Man 'needed medical aid after hearing confession'

13 April 2012

The prisoner accused of lying over Michael Stone's cell confession to the murder of a mother and daughter was so upset by the horrific details of the killings that he needed medical help, three appeal judges were told today.

In a second appeal over the hammer murders of Dr Lin Russell and Megan, Stone's lawyers are claiming that he was convicted on the evidence of an unreliable witness seeking an advantage from the police or prison authorities.

But Nigel Sweeney QC, for the Crown, said on the second day of the appeal that the prisoner, Damien Daley, was seen by a psychiatric nurse the day after he reported he had heard Stone confess to the murders.

"Mr Daley was complaining that he was so upset at what the appellant had told him that he had not been sleeping as a result."

Edward Fitzgerald QC, for Stone, had also alleged that the convictions should be quashed because Daley was an unreliable witness who lied about his heroin addiction.

Mr Sweeney said the defence was now relying on the fact that Daley had lied about his addiction to heroin at Stone's trial.

"We submit that this is very much in the genre where he had already made very substantial admissions as to his own failures."

He said Daley had nothing to gain from the police or prison authorities by lying about the confession.

This had been the crucial evidence which convicted Stone, 44, at two separate trials of killing Dr Russell, 45, and Megan, six, and the attempted murder of Megan's sister Josie in 1996.

The first convictions in 1998 were quashed in February 2001 by three judges at the Court of Appeal and a retrial was ordered.

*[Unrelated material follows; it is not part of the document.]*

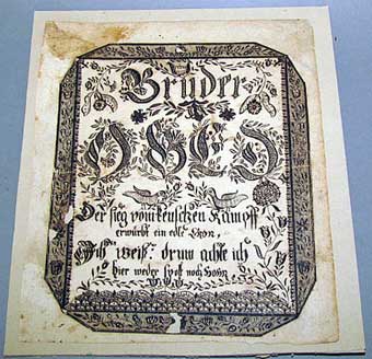 RARE AND IMPORTANT EPHRATA FRAKTUR, 7” H X 6’ W. Executed in brown ink, unusual format. Border has floral vines and minute stippling. Base has rows of mounds with flowers springing from them (the grave mounds of the host that have gone before), A pair of birds, floral vines and an intricate illumination of “Bruder Obed” “Der sieg vom frenschen kampff erwürbt ein edle Cron, Ich Weiss; drum achte ich hier weder spott noch hohn.” There is a loose portion and losses along the left border, and holes in the center of the top and bottom border where it has been tacked to the wall. It is a unique Ephrata memorial Fraktur for Brother Obed, one of their most important members. Obed (c. 1717- July 27, 1792) or Ludwig Hacker came from Germantown to Ephrata, on Dec. 28, 1744. He and wife Margaret (sister Albina (d.1767) divorced, each joining the celibate orders, as did their daughter Mary (sister Petronella 1738-1791). Obed served as schoolmaster for the Cloister. They are buried in God’s Acre Cemetery. I Daniel Rupp notes that it was customary to make a memorial Fraktur after the death of a member, and hang it up in their cell. This is the only known example of an Ephrata Momento Mori. I photographed this piece in January, 1991 at Larry Bomberger’s when I visited him about borrowing The Eliz Amweg cap for the exhibit at the Joseph Schneider Haus in Kitchener, Ontario. It was in the desk drawer in an old plastic sleeve. He didn’t know where he had gotten it. He thought it probably came from his parents. I bought it at Larry’s sale, lot #148, on Nov. 9, 2002. (See p. 221 I Daniel Rupp History of Lancaster County). [2050]

In October that year, Stone was convicted for a second time after a trial at Nottingham Crown Court and his three life sentences were reimposed.

But in March last year, Stone's lawyers, claiming that he did not receive a fair trial, won the right to another appeal.

At the trial, Daley told the jury he heard a voice coming through the pipework at Canterbury Prison, confessing to the July 1996 killings in Chillenden, Kent.

Dr Russell and her daughters were targeted as they walked home from a swimming gala. Josie, who was nine at the time, survived horrific head injuries.